Other criminal cases involving baby farmers committing murder were reported across the United Kingdom as well as Australia, New Zealand, Germany and Denmark. In German and Scandinavian countries, there was a gruesome euphemism for this practice: "Engelmacherin," meaning "angel-maker."
Publicity over cases such as those of Margaret Waters and Amelia Dyer led to widespread outrage. Even honest women who truly cared for their charges didn't dare call themselves baby farmers due to the widespread notoriety associated with the term. The Infant Life Protection Society (ILPS) was founded in Britain and Societies for Prevention of Cruelty to Children in the United States, largely due to the publicity surrounding cases of murder associated with baby farming. Through pressure from members of the Infant Life Protection Society, the U.K. government passed the Infant Life Protection Act of 1872. The act was a dismal failure though and unscrupulous baby farmers (such as Amelia Dyer) were still free to murder infants.
Eventually, the Society for the Prevention of Cruelty to Children spread across the U.K. as it had in other countries and the first act to protect children from abuse was passed in 1889. That this act was still inadequate because obvious enough with the shocking testimony at the Amelia Dyer trial. This led to the passage of the Infant Protection Act of 1897 giving even more extensive protections for children.
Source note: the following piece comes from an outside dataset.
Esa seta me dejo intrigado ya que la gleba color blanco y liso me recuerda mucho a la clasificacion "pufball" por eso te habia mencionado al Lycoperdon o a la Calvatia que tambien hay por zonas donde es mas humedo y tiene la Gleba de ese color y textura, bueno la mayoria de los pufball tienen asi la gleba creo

The Act stated that "no infant could be kept in a home that was so unfit and so overcrowded as to endanger its health, and no infant could be kept by an unfit nurse who threatened, by neglect or abuse, its proper care and maintenance." Police also had the power to investigate all suspected baby farms to weed out the criminally unfit ones.
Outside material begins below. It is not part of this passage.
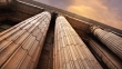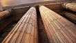 Panning shot of marble Corinthian columns from below.
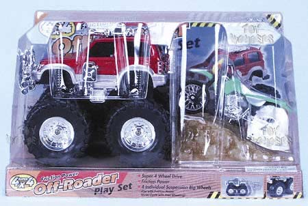 6" friction powered 4x4 with monster tires. Set includes 4.5" free wheel dirt bike.

In 1906, one of the first modern children's acts was passed which established formal supervision for all foster mothers, but eradicating criminal baby farming took a joint effort by society, various police agencies, and local governments. By 1920, criminal baby farming had virtually disappeared. Adoption of illegitimate children became more acceptable and many of the legal loopholes that had allowed the baby farmers to work undetected had been plugged. By 1946, baby farming was made illegal across the U.K.
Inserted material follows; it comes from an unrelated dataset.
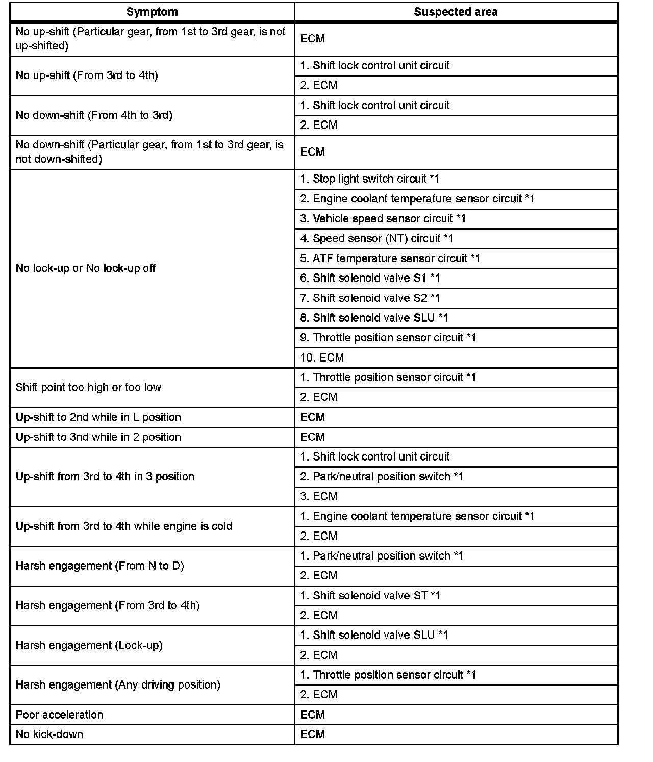 ^ When the circuit on which *1 is attached malfunctions, a DTC could be output.
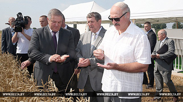 Александр Лукашенко на полях крестьянского фермерского хозяйства "Цнянские экопродукты"

Most other countries that had allowed baby farming largely followed the same pattern with modern child welfare agencies forming to regulate child adoption and foster homes. In the United States, the crackdown on baby farms was spurred on by exposés such as George Walker's 1918 book, The Traffic in Babies, which dealt with his findings relating to two baby farms in Baltimore.
As the stigma surrounding illegitimacy largely subsided, mothers were free to raise their infants themselves without the need to abandon or farm them out. By the 1940s, the Victorian concept of the "fallen woman" had been replaced by the more practical view that mothers and their children were better off remaining together. For those mothers unwilling or unable to care for their children, adoption agencies allowed for a humane alternative. Still, despite the advent of better contraceptive methods and safe abortion, the problem of unwanted pregnancy remains in many places.
While the era of the baby farm seems truly over, at least in most countries, the current backlash against making abortion and contraception freely available to women of all ages has helped unravel many of the gains of previous decades. When even child welfare services are being undermined by legislators and sexual abstinence programs are being promoted despite their ineffectiveness, the desperation faced by pregnant women forced to resort to baby farmers seems far too familiar.
We may not have seen the last of the baby farmers.